• The problem
Starting at the first line of the entries below, please return exactly each line up to and including the one with "扇では「開くのに気をつかうか"; pictures stay out.

(Source records)
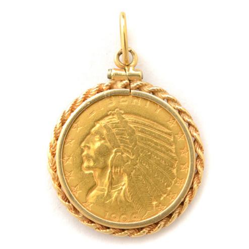 Featuring one 1909 Liberty Indian head $5 gold coin, framed in a 14k yellow gold rope link mounting, completed by a bail. {Gross Weight: 7.1 dwts}
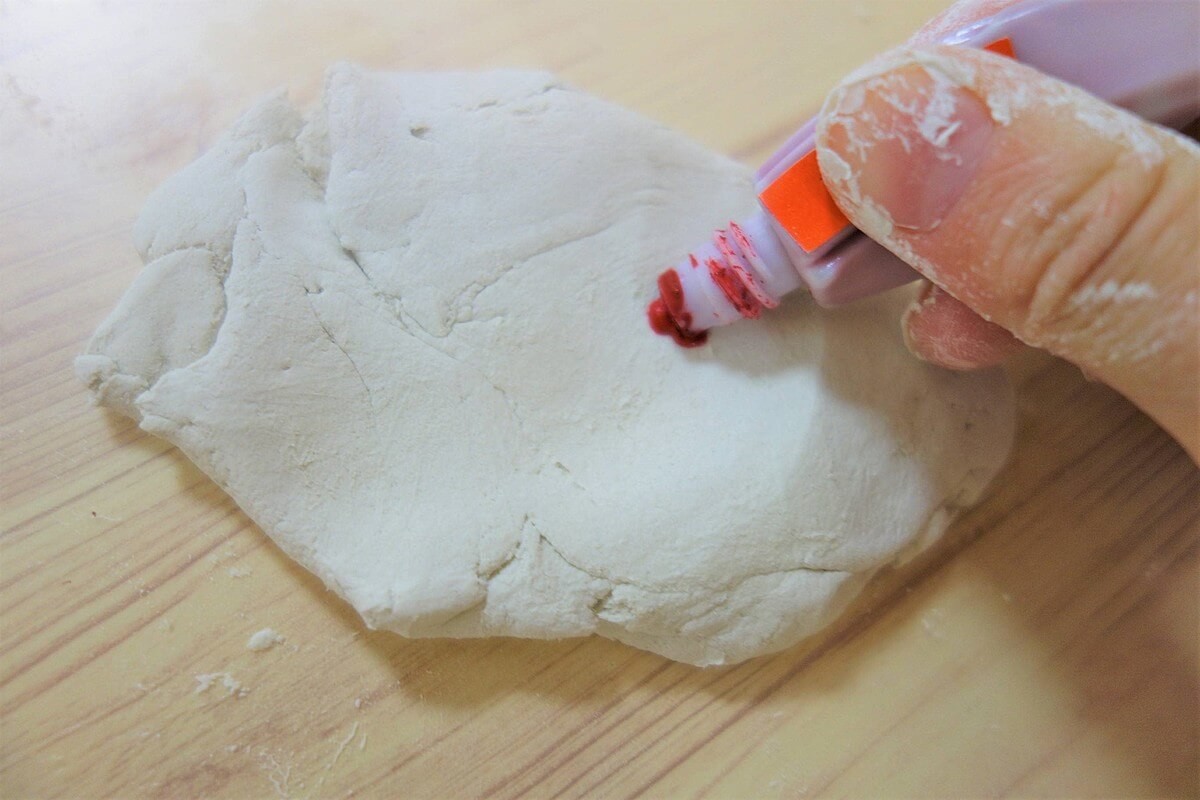 次に、水彩絵の具を少量出してねんどに混ぜ込み、好みの色に着色します。
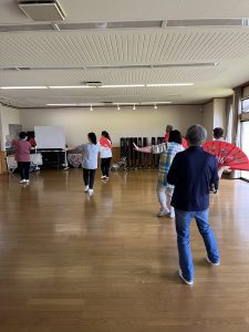 扇では「開くのに気をつかうから、足も左手も何をやっているか分からないな」と皆さん笑いながら話されていましたが、「まずは扇を片手で開いて片手で閉じる練習しましょう。足と左手はそのあとですね」と先生は話されていました。
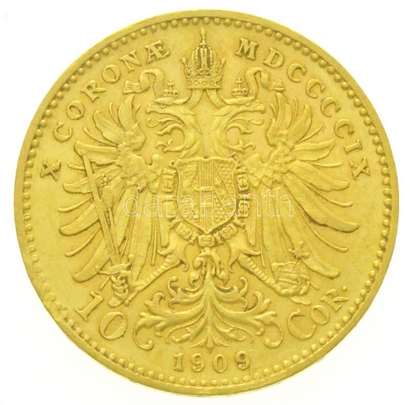 Austria 1909. 10 Corona Au "Franz Joseph small head" (3,41g/0.900) C:XF small edge error
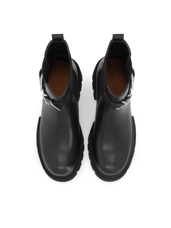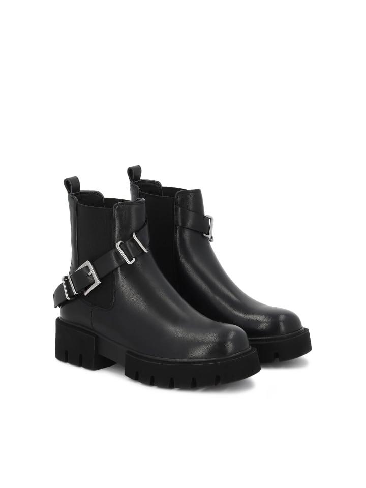 Современные ботинки из высококачественной натуральной кожи, обеспечивающие прочность и элегантный вид. Эластичные боковые вставки обеспечивают легкость надевания и идеальную посадку. Декоративный ремешок с металлическими пряжками добавляет характерный модный штрих. Толстая тракторная подошва гарантирует комфорт и хорошее сцепление, идеально дополняя современные тенденции городского стиля.
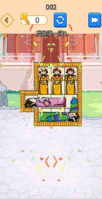 妃子挤一挤是一款超有意思的后宫主题益智闯关小游戏!游戏中,玩家需要把不同形状的妃子巧妙安置到指定区域,填满所有空格就能通关。它采用可爱的卡通画风,结合了华容道与拼图的玩法,十分适合喜欢轻松解谜的玩家。只有将整个格子完全填满,才能完成当前关卡的挑战哦。
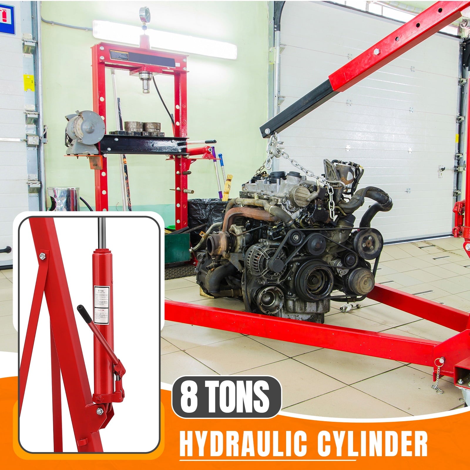 • Powerful 8-ton hydraulic pump delivers robust lifting power and reliable performance for heavy-duty engine lifting tasks
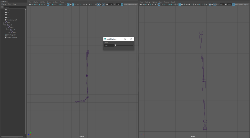 I started by adding joints from the toe to the top of the leg, with one join being placed above the crotch. I changed the size of the joints so that they would be easier to work with as they were too large before I had changed them.

• Expected answer
 Featuring one 1909 Liberty Indian head $5 gold coin, framed in a 14k yellow gold rope link mounting, completed by a bail. {Gross Weight: 7.1 dwts}
 次に、水彩絵の具を少量出してねんどに混ぜ込み、好みの色に着色します。
 扇では「開くのに気をつかうから、足も左手も何をやっているか分からないな」と皆さん笑いながら話されていましたが、「まずは扇を片手で開いて片手で閉じる練習しましょう。足と左手はそのあとですね」と先生は話されていました。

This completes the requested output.